His father is symbolised as a ship, with his globed shoulders ‘like a full sail strung’. His father represents the sanctury and security in his life similar to a sailing ship in the vast ocean. The metaphor is extended in describing the ship leaving a ‘hob-nailed wake’ in the sea, mirroring the ‘shafts and furrows’ imprinted on the fields by his father’s plough. In ‘Digging’ Heaney uses the monosyllabic, colloquial phase ‘By god, the old man could handle a spade’ to emphasise the impression his father made upon him as a child.

In ‘Follower’, the use of harsh crisp sounds such as ‘fit’ and ‘pluck’ imitate the ‘clicking tongue’ of Heaney’s father, used to control the horses, and the atmosphere of expertise and accuracy surrounding him. In both poems Heaney uses literary techniques to create vivid portrayal of labouring on the land. In ‘Digging’ onomatopoeic sounds are used to conjure direct images of the ‘nicking’, the ‘squelch’, the ‘slap’ and the ‘rasping’ of the activity.

Heavy sounding words, such as ‘lug’ emphasise the intensity of the manual work. ‘Follower’ uses a rolling, unforced rhythm, echoing that of the horse-plough’s gentle plod. In summary, study of these poems reveals ideas stemming from Heaney’s childhood. His feelings of regret and inadequacy that he cannot continue in his family’s agricultural tradition are demonstrated by the use of language, metaphor and sombre assonance in ‘Follower’.
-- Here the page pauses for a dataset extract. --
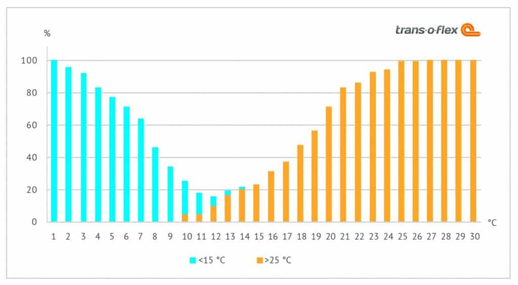 Die Grafik zeigt an, wie hoch das Risiko ist, wenn Sendungen in einem untemperierten Auslieferfahrzeug bei einer bestimmten Außentemperatur bei weniger als 15 oder mehr als 25 Grad Celsius befördert werden. Lesebeispiel: Schon bei einer Außentemperatur von 18 Grad beträgt das Risiko fast 50 Prozent. Eine von zwei Sendungen wird also wahrscheinlich bei mehr als 25 Grad Celsius transportiert.

Digging’ shows a progression in his thoughts to positive aspirations of success in an alternative vocation, and hope that he will someday achieve the sound integrity and craftsmanship that he admired in his father. Both poems express Heaney’s need to disregard ‘stumbling’ memories of his father and cut ‘Through living roots’ of past generations, in order to fulfil his own destiny as a writer. His poems offer optimism to many who may feel unworthy in their ancestors’ ‘broad shadow’, that we may all find our own satisfaction in life, whilst honouring the achievements of past generations.